Descriptions of the conditions commonly seen by specialists in anorectal disease are below.

Hemorrhoids (Piles)

Hemorrhoids exist in everyone, but are only sometimes symptomatic. This occurs when blood vessels located in the anorectal region become swollen or inflamed. Hemorrhoids may be internal (inside the anus) or external (outside the anus).

Symptoms of Hemorrhoids
Symptoms of external hemorrhoids may include painful swelling or a hard lump near the anus, which may be a blood clot.
Symptoms of internal hemorrhoids include bleeding (bright red blood on stool or toilet paper), and itching. An internal hemorrhoid may protrude through the anus, and cause pain and irritation. Some individuals with hemorrhoids have no symptoms. Hemorrhoid symptoms can resemble other conditions, including fissures, fistula, abscesses, or irritation and itching, called pruritis ani. Constipation and diarrhea may exacerbate hemorrhoids, or cause similar symptoms. Consulting your physician when you have any of these symptoms, such as blood in stool, is important to determine the exact cause of your symptoms.

Treatment for Hemorrhoids
Treatment for hemorrhoids will depend on your age, health, your medical history, the extent of your condition, and your tolerance for certain treatments and medicines. Symptom relief usually includes taking warm sitz (tub) baths several times a day for 10-15 minutes to shrink blood vessels and soothe itching and irritation; using witch hazel wipes to reduce irritation; and using cream or suppository to help shrink hemorrhoids. Cortisone creams are not recommended. Ice packs can also help relieve inflammation.
Relieving or preventing constipation is important if you have hemorrhoids. This means drinking at least 6-8 glasses of water a day and increasing your dietary fiber – whole grains, vegetables, and fruits – and taking a stool softener or fiber supplement if necessary to eliminate straining and reduce pressure on hemorrhoids. Fiber is helpful for both constipation and diarrhea.

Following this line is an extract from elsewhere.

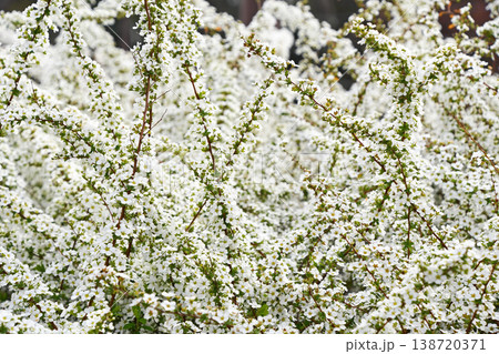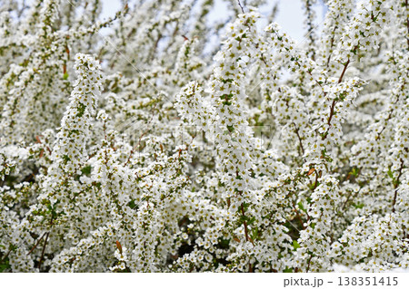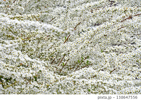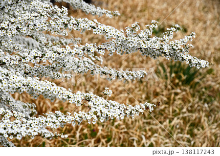 春の明るい日差しに照らされて輝く、満開のユキヤナギ
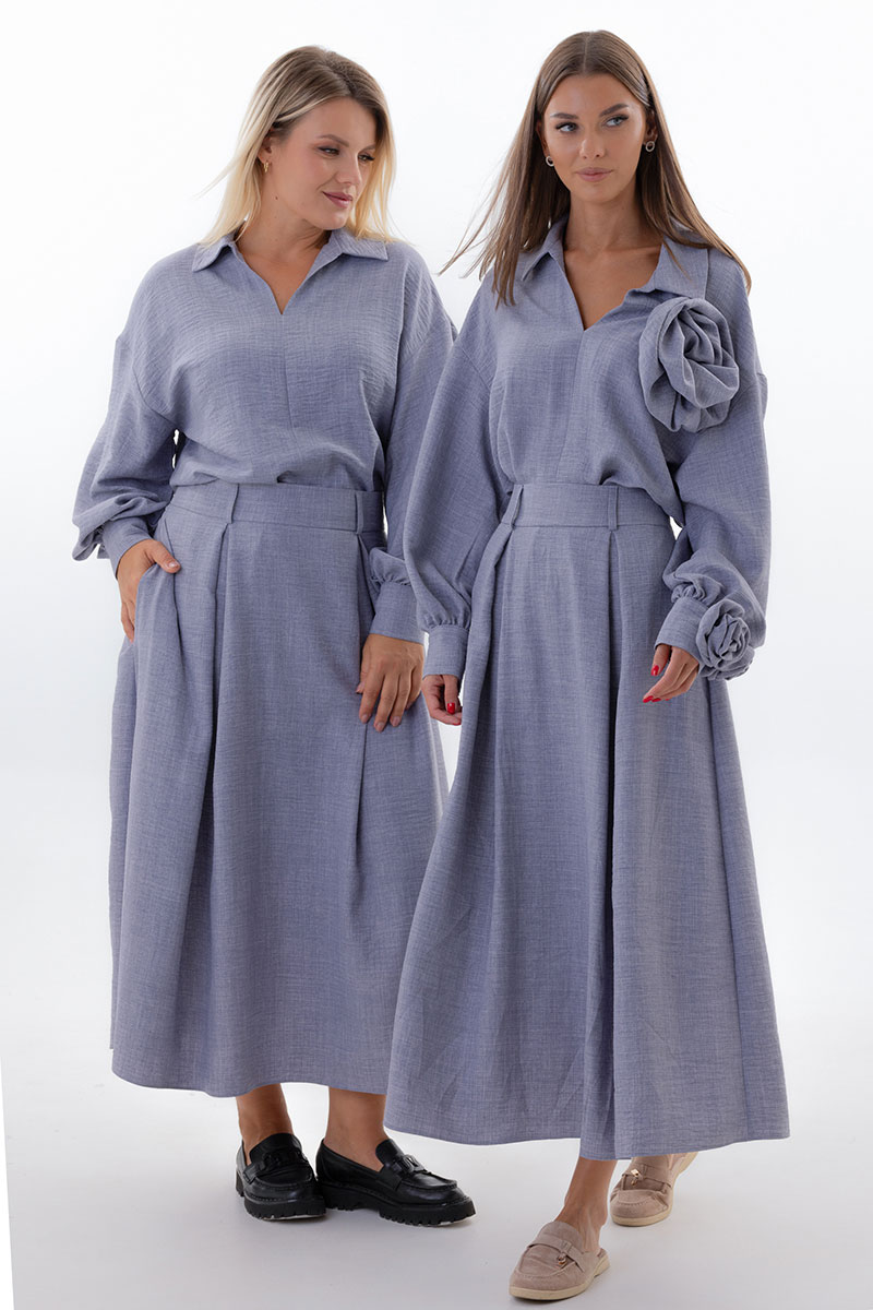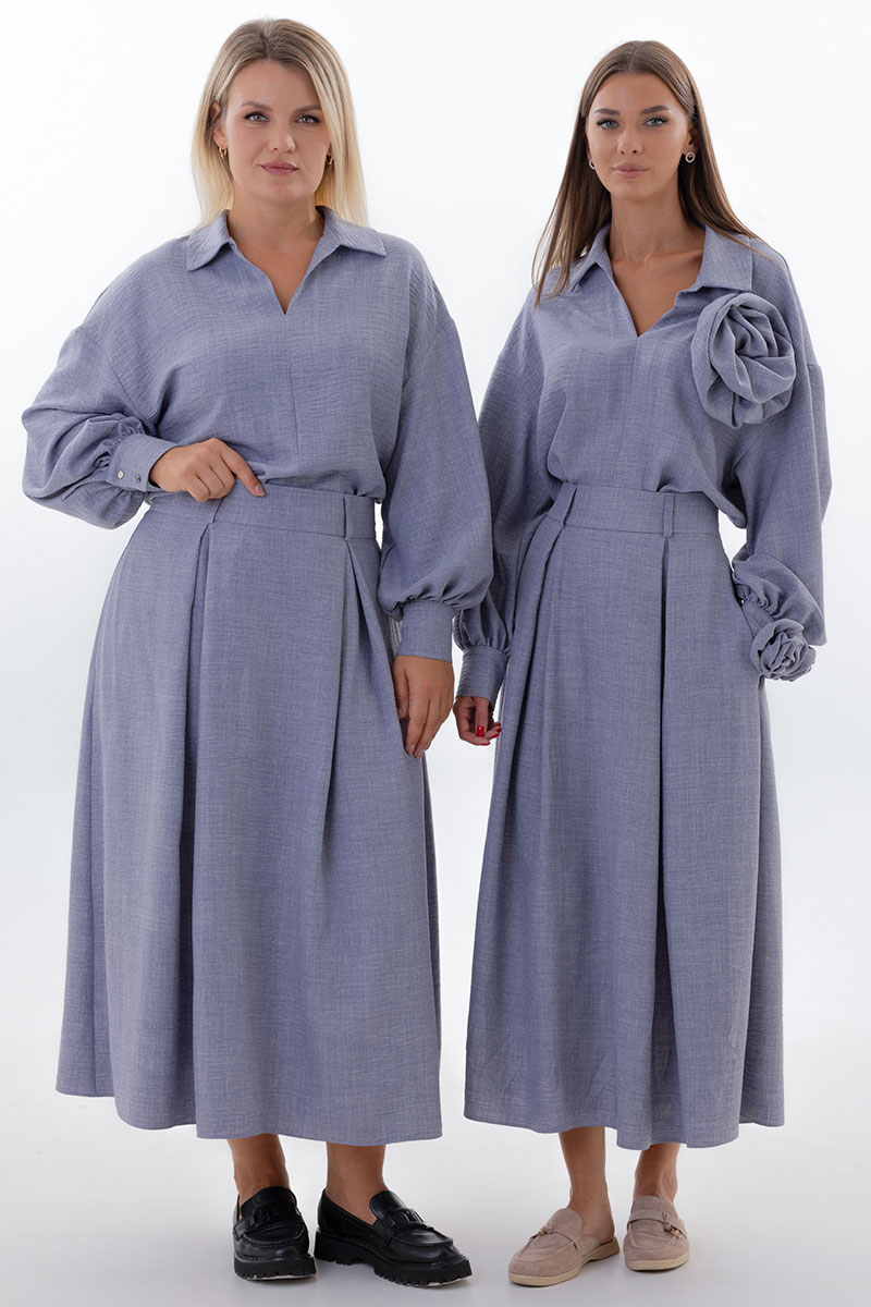 Эта удлиненная юбка-трапеция — воплощение грации и изысканности. Ее структура, будто сотканная из времени и традиций, создаёт ощущение лёгкости и свободы. Боковые карманы, скрытые в

Infrequently, large or symptomatic hemorrhoids may need to be surgically removed. Our experts treat hemorrhoids using a number of techniques, including:

Opening of acutely swollen external hemorrhoids. This is only helpful if performed in the first couple of days after the onset of symptoms.
Rubber band ligation – placing a rubber band around the bottom of the hemorrhoid inside the rectum, which cuts off blood flow to the hemorrhoid, causing it to slowly shrink and degenerate within a few days.
Sclerotherapy – injecting a chemical solution around the blood vessel to shrink the hemorrhoid.
Electrical, laser or infrared photo coagulation – using different sources of heat to destroy the hemorrhoid.
Hemorrhoidectomy – removing hemorrhoids surgically.
A new technique of stapling hemorrhoids may be appropriate with multiple internal hemorrhoids.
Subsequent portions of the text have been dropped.